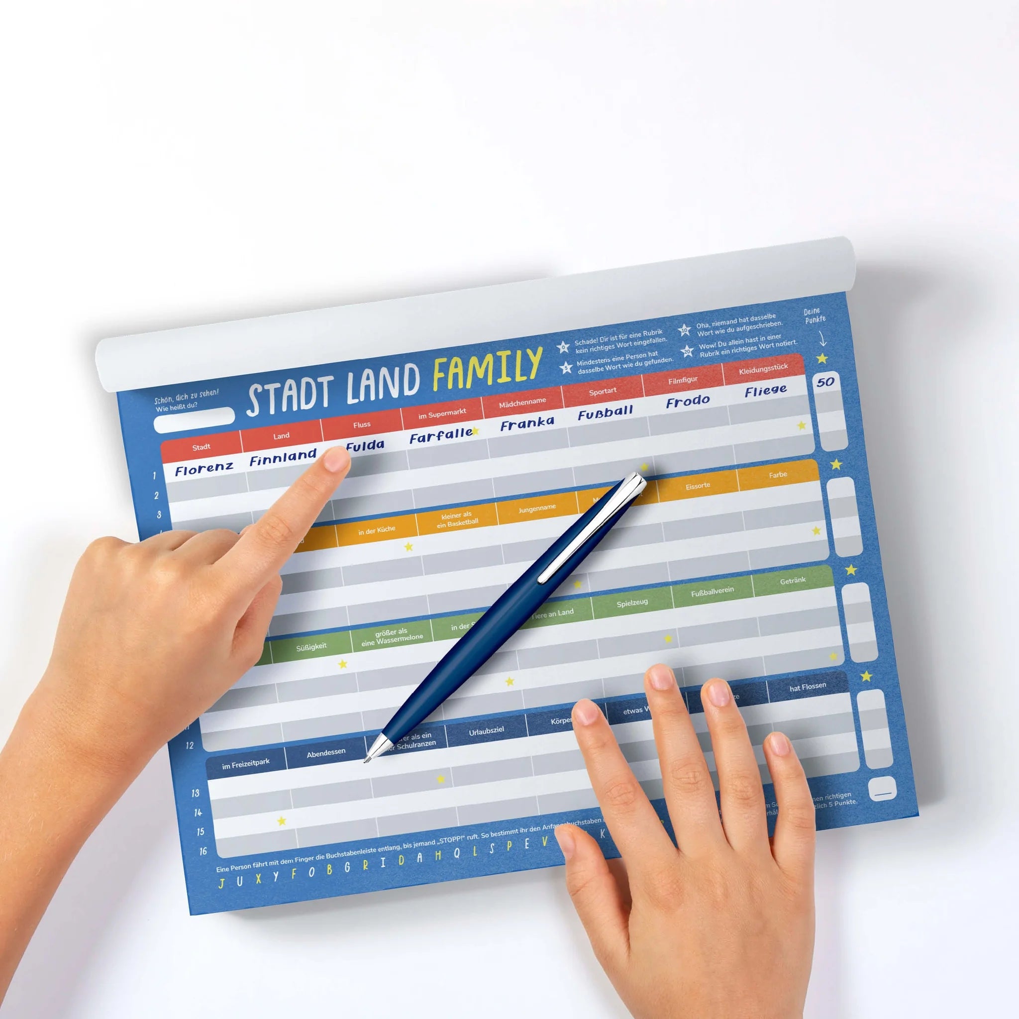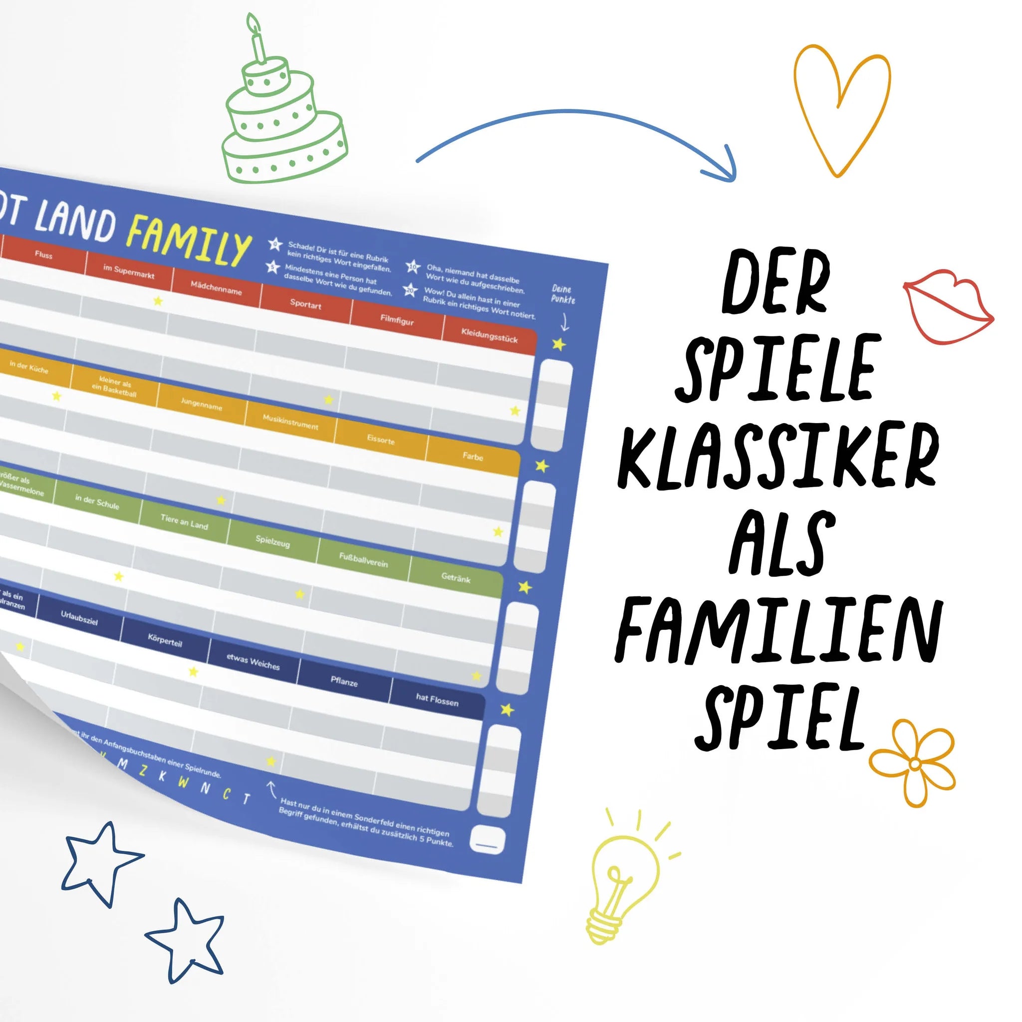 In "Stadt Land Family" dreht sich alles um das Erkunden und gemeinsame Erleben von außergewöhnlichen Kategorien, die weit über die traditionellen Themen wie Länder, Städte und Flüsse hinausgehen. Freut euch auf spannende und humorvolle Kategorien wie Superhelden, Lieblingsspeisen, Urlaubserinnerungen und vieles mehr. Diese besonderen Themen regen die Fantasie an und bieten eine unterhaltsame Möglichkeit, miteinander ins Gespräch zu kommen und Neues über eure Lieben zu erfahren.
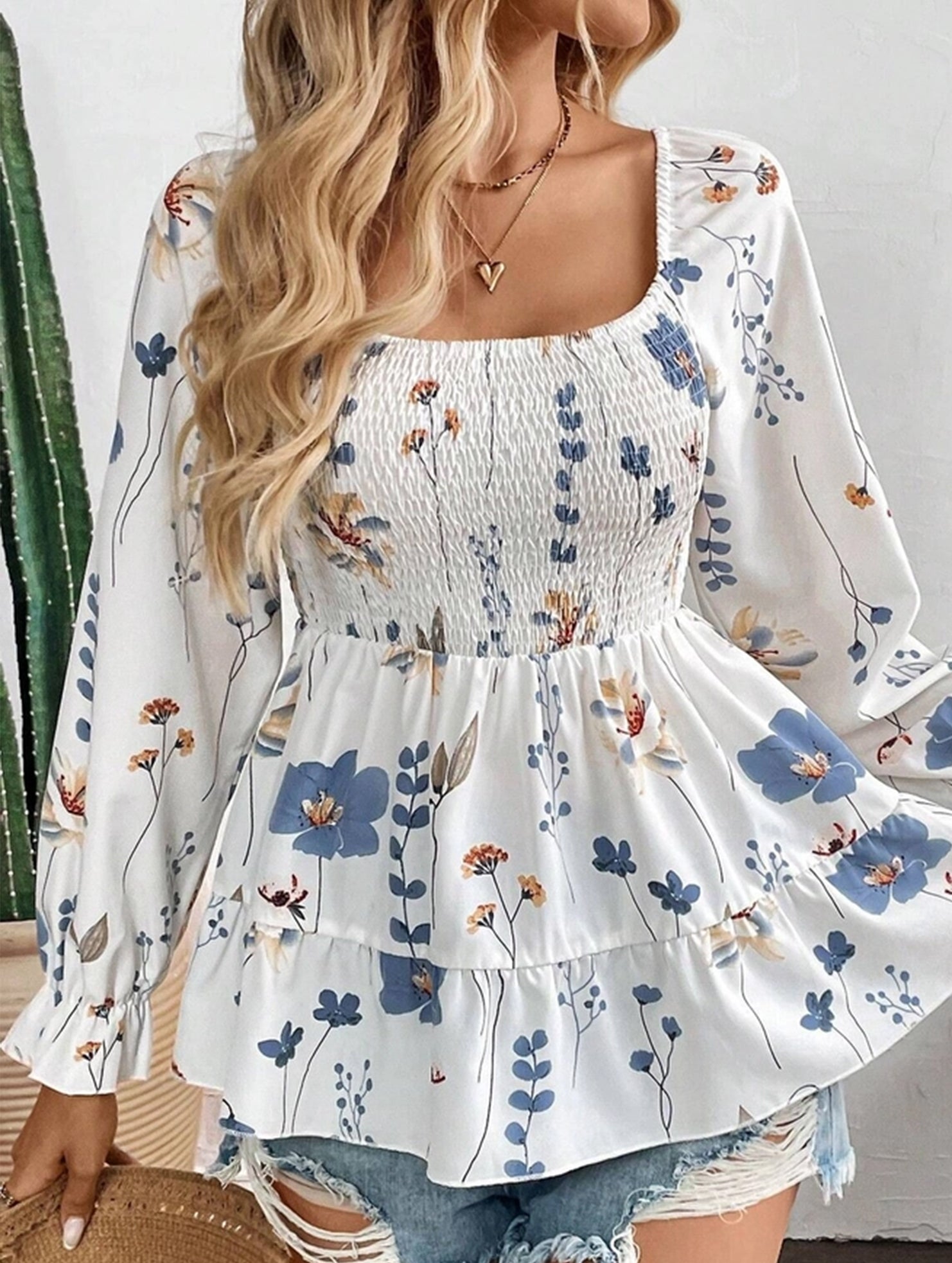 Elegant Floral Print Long-Sleeve T-Shirt_RCDQ01356
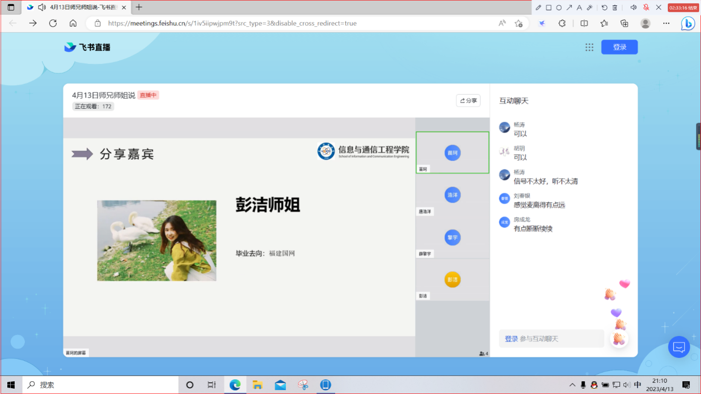 最后,签约国网福建省电力有限公司厦门供电公司的彭洁师姐以国网求职历程与非技术类求职经验分享为主题,从招聘信息获取、基础知识学习、国网招聘流程和非技术类私企等方面进行了详细的介绍。彭师姐把面试过程中可能遇到的问题和招聘细节都做了清晰的解释,耐心地分享了个人经验,对同学们启发很大。
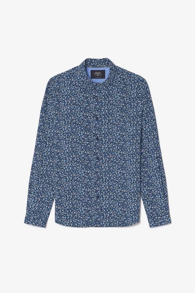 Cette chemise Nobel bleu marine vous donnera un look raffiné et élégant avec son motif fleuri bleu et blanc, ses boutons nacrés bleus et ses revers aux poignets avec liseré personnalisé « Le Temps des Cerises » et empiècement contrastant. Pour le détail final, un mini liseré drapeau bleu, blanc, rouge dans le dos.
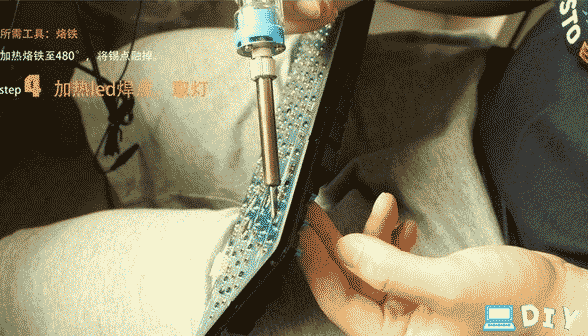 所需工具:烙鐵。加熱烙鐵至480度,將錫點(diǎn)融掉,然后取下LED燈,如圖。
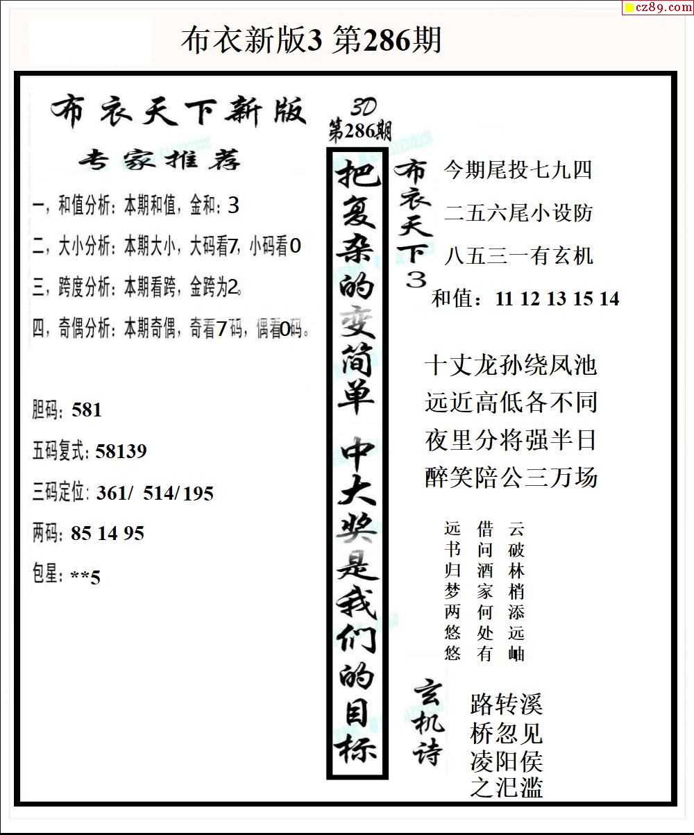 福彩3D2025330期 红尘入世锦鲤吐胆图
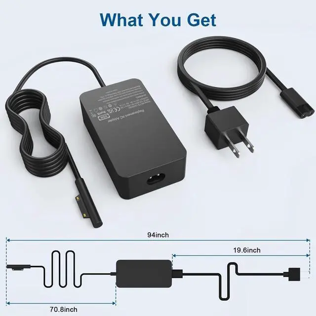 Connector: Built with original quality magnetic connector with indicator light easy to connect with your laptop without fall off. The charging cable is made of thicker copper wire to support max 65W power. Tested with over 20000+ times bend to provide 4 times longer lifespan and the super-long cable lets you charge and work anywhereWhat You Get1x 65W Surface Pro Charger Power Adapter We have always been committed to provide products of superior quality at unbeatable prices if you have any questions about the items please feel free to contact our customer service team we will reply you within 24 hours
========================
--- How to complete this task ---
The result should be a verbatim copy of the data, free of pictures.

--- Answer box ---
 In "Stadt Land Family" dreht sich alles um das Erkunden und gemeinsame Erleben von außergewöhnlichen Kategorien, die weit über die traditionellen Themen wie Länder, Städte und Flüsse hinausgehen. Freut euch auf spannende und humorvolle Kategorien wie Superhelden, Lieblingsspeisen, Urlaubserinnerungen und vieles mehr. Diese besonderen Themen regen die Fantasie an und bieten eine unterhaltsame Möglichkeit, miteinander ins Gespräch zu kommen und Neues über eure Lieben zu erfahren.
 Elegant Floral Print Long-Sleeve T-Shirt_RCDQ01356
 最后,签约国网福建省电力有限公司厦门供电公司的彭洁师姐以国网求职历程与非技术类求职经验分享为主题,从招聘信息获取、基础知识学习、国网招聘流程和非技术类私企等方面进行了详细的介绍。彭师姐把面试过程中可能遇到的问题和招聘细节都做了清晰的解释,耐心地分享了个人经验,对同学们启发很大。
 Cette chemise Nobel bleu marine vous donnera un look raffiné et élégant avec son motif fleuri bleu et blanc, ses boutons nacrés bleus et ses revers aux poignets avec liseré personnalisé « Le Temps des Cerises » et empiècement contrastant. Pour le détail final, un mini liseré drapeau bleu, blanc, rouge dans le dos.
 所需工具:烙鐵。加熱烙鐵至480度,將錫點(diǎn)融掉,然后取下LED燈,如圖。
 福彩3D2025330期 红尘入世锦鲤吐胆图
 Connector: Built with original quality magnetic connector with indicator light easy to connect with your laptop without fall off. The charging cable is made of thicker copper wire to support max 65W power. Tested with over 20000+ times bend to provide 4 times longer lifespan and the super-long cable lets you charge and work anywhereWhat You Get1x 65W Surface Pro Charger Power Adapter We have always been committed to provide products of superior quality at unbeatable prices if you have any questions about the items please feel free to contact our customer service team we will reply you within 24 hours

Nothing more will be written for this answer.